In the second and third domains of lean management, Beijing Dongruan Wanghai Technology Co., Ltd. has been deeply engaged for many years and is an undisputed industry leader. Its research on disease-level lean management is both the earliest and most in-depth. “We have accumulated numerous models based on extensive prior experience, including clinical diagnosis and treatment models, resource consumption models, and others. These tools can help healthcare institutions achieve lean management at both the departmental and disease levels.”


Final Thoughts


The ultimate goal of healthcare insurance payment method reform is to achieve a balance among healthcare providers, patients, and insurers while controlling costs. Whether through Diagnosis-Related Groups (DRG) or Big Data Diagnosis-Intervention Packet (DIP), the core objective lies in transforming payment mechanisms to enhance cost containment. Despite any transitional challenges, hospitals’ immediate priority must be to strengthen their corresponding capabilities to effectively adapt to future healthcare insurance reforms.


Of course, this will pose new challenges to the current hospital management and operational models, while also raising higher demands for lean hospital management.
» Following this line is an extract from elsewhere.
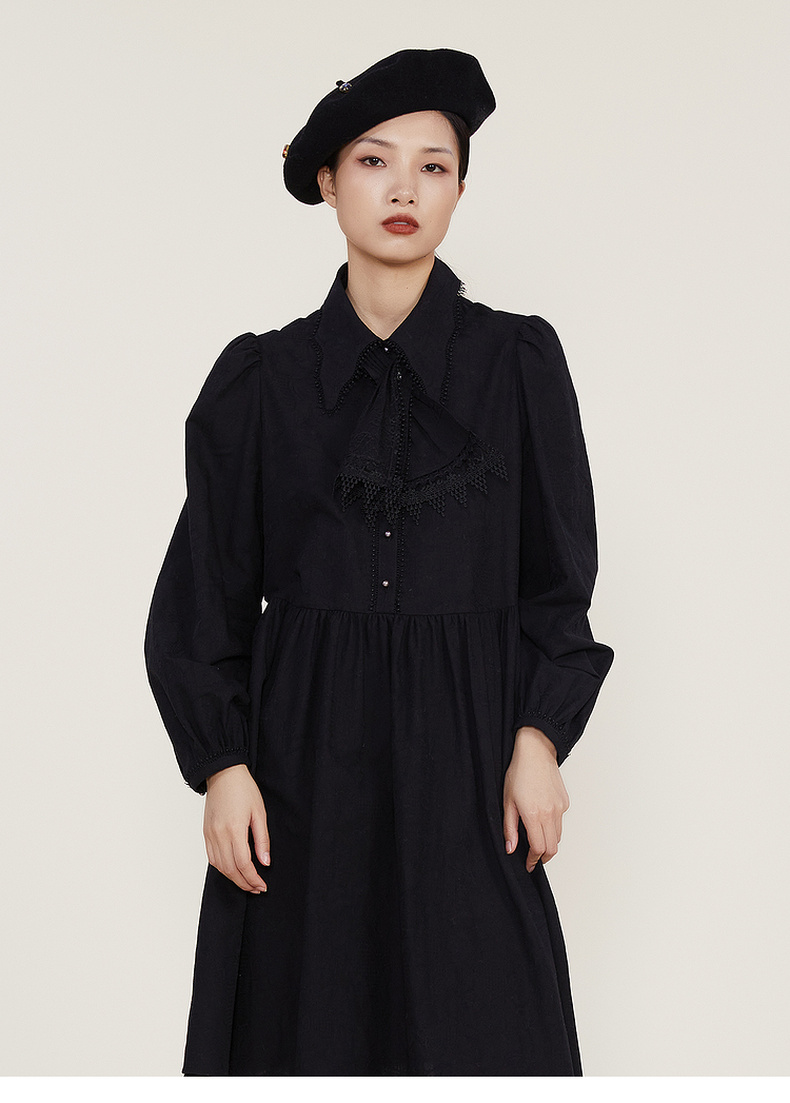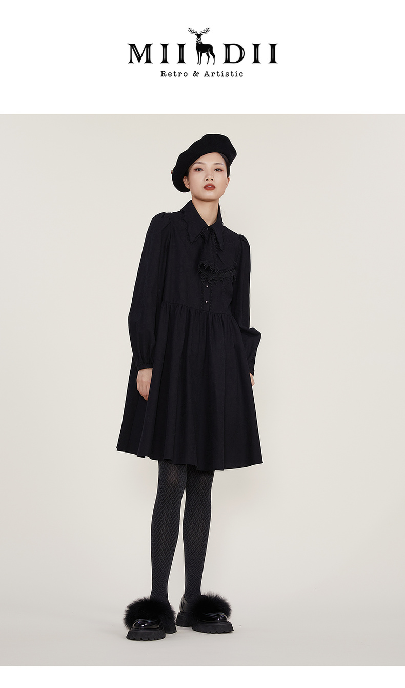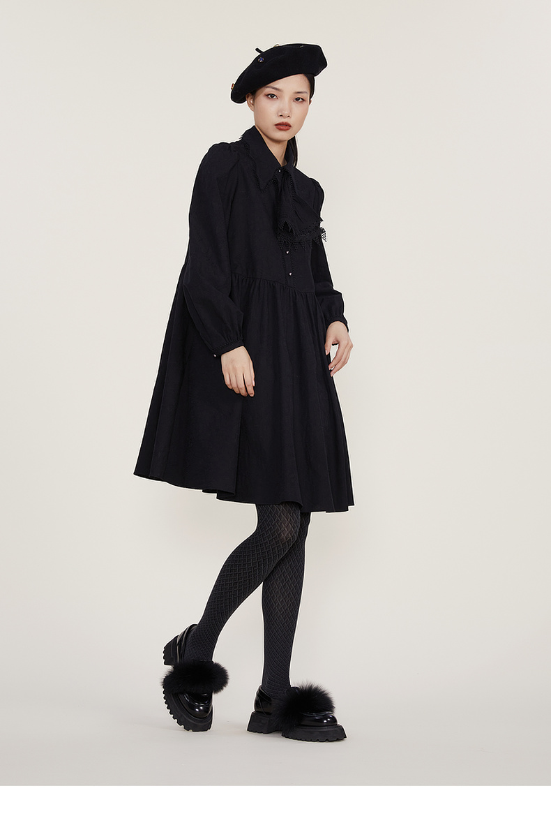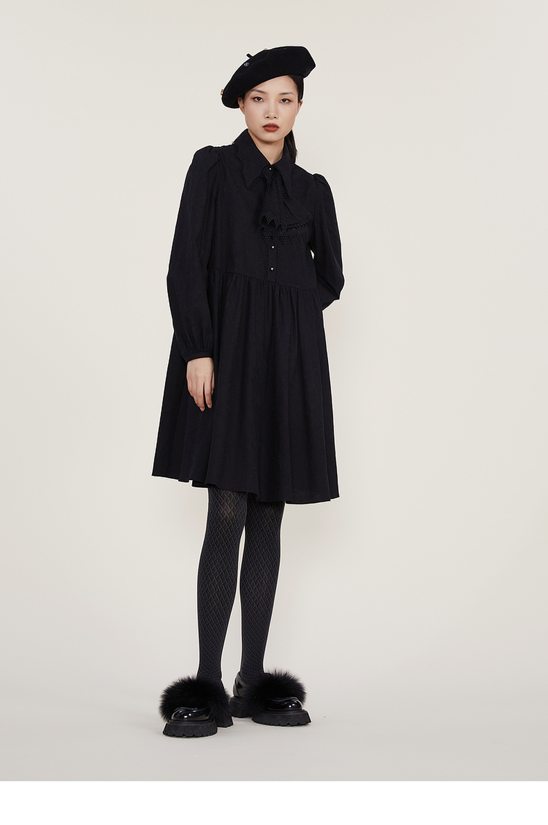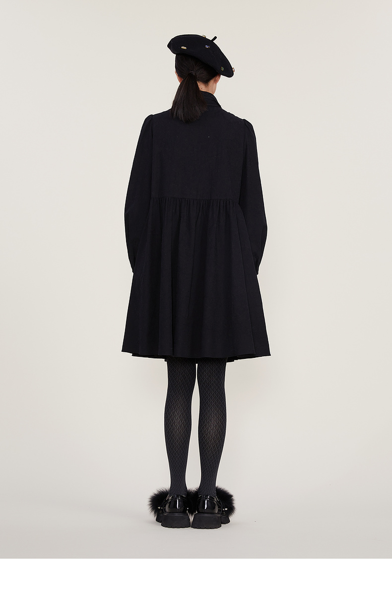 谜底2022冬季新款宽松A字型中长款连衣裙长袖女复古精致224ML1684

Information technology vendors represented by Beijing Dongruan Wanghai Technology Co., Ltd. can leverage their expertise to assist hospitals through IT solutions, thereby empowering lean operations in China’s healthcare sector, promoting multi-party win-win outcomes, and jointly fostering the integrated development of the healthcare industry ecosystem, thus truly realizing the vision of serving healthcare and embracing forward-looking perspectives.


References

Xu Su: Big Data and the Reform of Healthcare Insurance Payment Methods

VBInsight: Saving Guangzhou’s Medical Insurance Fund RMB 1.1 Billion Annually—What Benefits Does Big Data-Driven DRGs Bring Beyond Cost Savings?